まったく。わたくしや学友たちが我が国の醜聞をドミトリウス殿下の耳に入れないようにどれだけ労力と気力を割いていると思っているのか。
わたくしたちから、本当ならば得られたはずの、充実した学院生活というものを、どれほど損ねているのか。
わたくしは命じられた通りに非干渉を貫いているので、彼らのやらかしの報告を受け、対策指示を出すに留めているが、時折、その横っ面をひっぱたきに駆け出したい衝動にかられた。
ぜんぶ、ぜんぶ、台無しにしてやりたい。
その結果、真っ黒な腹でとぐろを巻いている蛇たちのうちの誰かの舞台で踊らされることになっても知るものか。
そう思いつつも、両親や領民を巻き込むわけにはいかないと、わたくしの淑女としての矜持と理性が踏みとどまらせた。
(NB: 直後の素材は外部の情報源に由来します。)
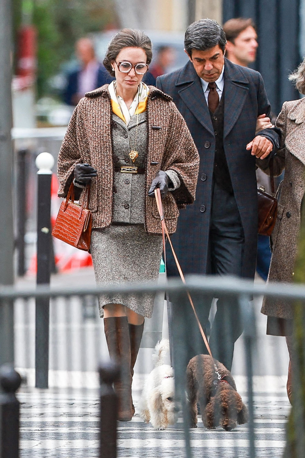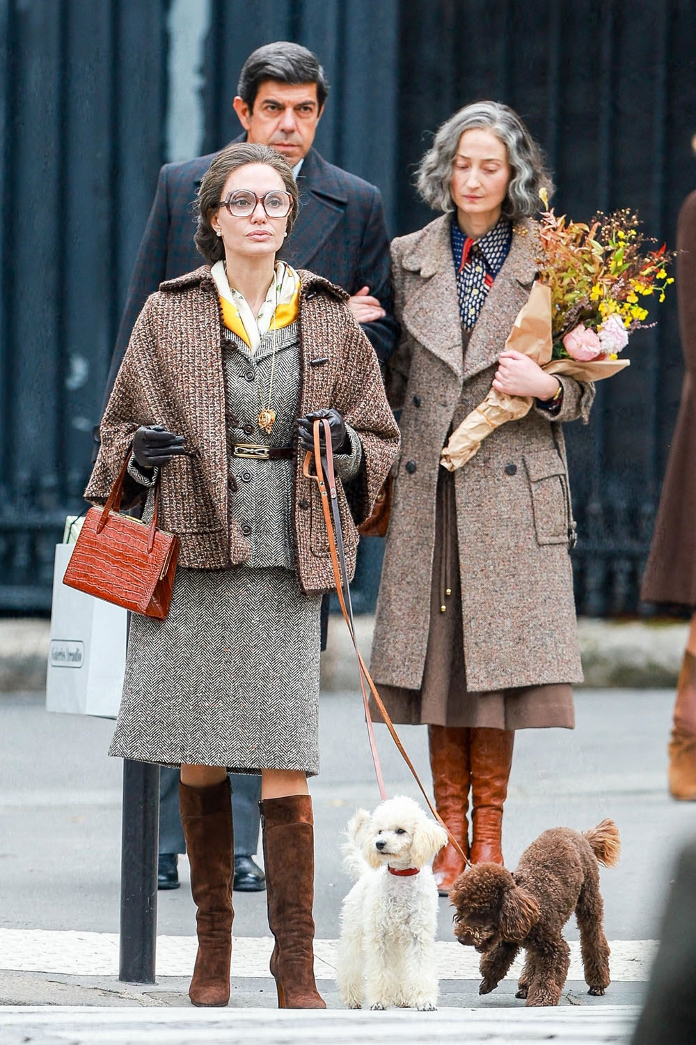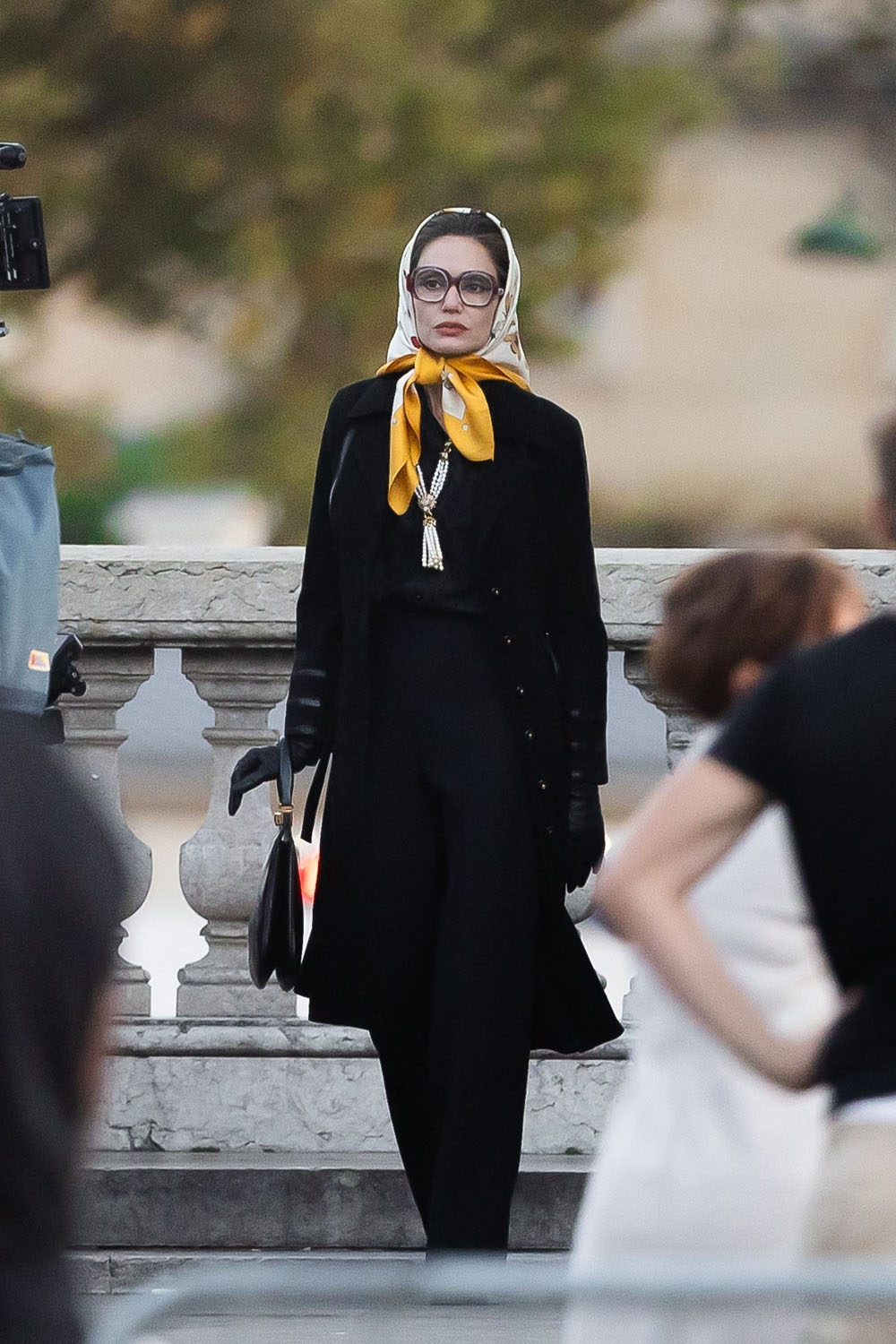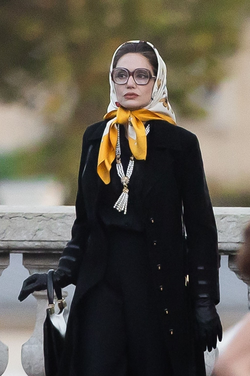 Just days after the first official photos of Angelina Jolie as legendary opera singer Maria Callas were released, here is Angelina on the set Maria, filming in Paris. I am IN LOVE with her oversized glasses and scarf combo. Also, the fur coat is either vintage itself, or made from vintage items, as the film’s costumes will not utilize any new fur. We love a legend committed to animal rights!

なにより、関係ないドミトリウス殿下を巻き添えにはしたくない。わたくしがケーキを口に運ぶ姿を、なんだか嬉しげに見つめる柔らかな笑みを曇らせるのはしのびないし、何よりわたくしが、彼の前で醜態を晒すのは嫌だと感じている。
――後少し、あと少しの辛抱ですわよ、ヴェリアルデ。
ドミトリウス殿下に、楽しい時間を過ごせたことへのお礼をし、更にそのお返しにと街へ繰り出したのは2ヶ月後。
その後も学業の合間、トリアンリート殿下のやらかしをドミトリウス殿下の耳に入れないように奮闘しつつ、いつの間にか毎月の習慣になったドミトリウス殿下との街に出たり大図書館で勉強会などして過ごしながら、わたくしは自分に言い聞かせた。
後少しだけ我慢すれば、学院生活は終わる。
その後、卒業を迎えられたドミトリウス殿下がご帰国されれば、わたくしとトリアンリート王子の婚約について、そしてその裏で蠢く大人たちの政争も本格的に動き出すだろう。
父の言う「いましばらく」の後に始まる激動の予感に、わたくしも覚悟を決めなければ――
………と、思っておりましたのよ。
ところが、ですわ。
「そなたとの婚約は今日をもって破棄する!」
なんと現在、よりにもよって卒業生による記念パーティーで、やらかしてくださっておりますのが、我が国の第一王子殿下にしてわたくしの婚約者殿ですわよ!!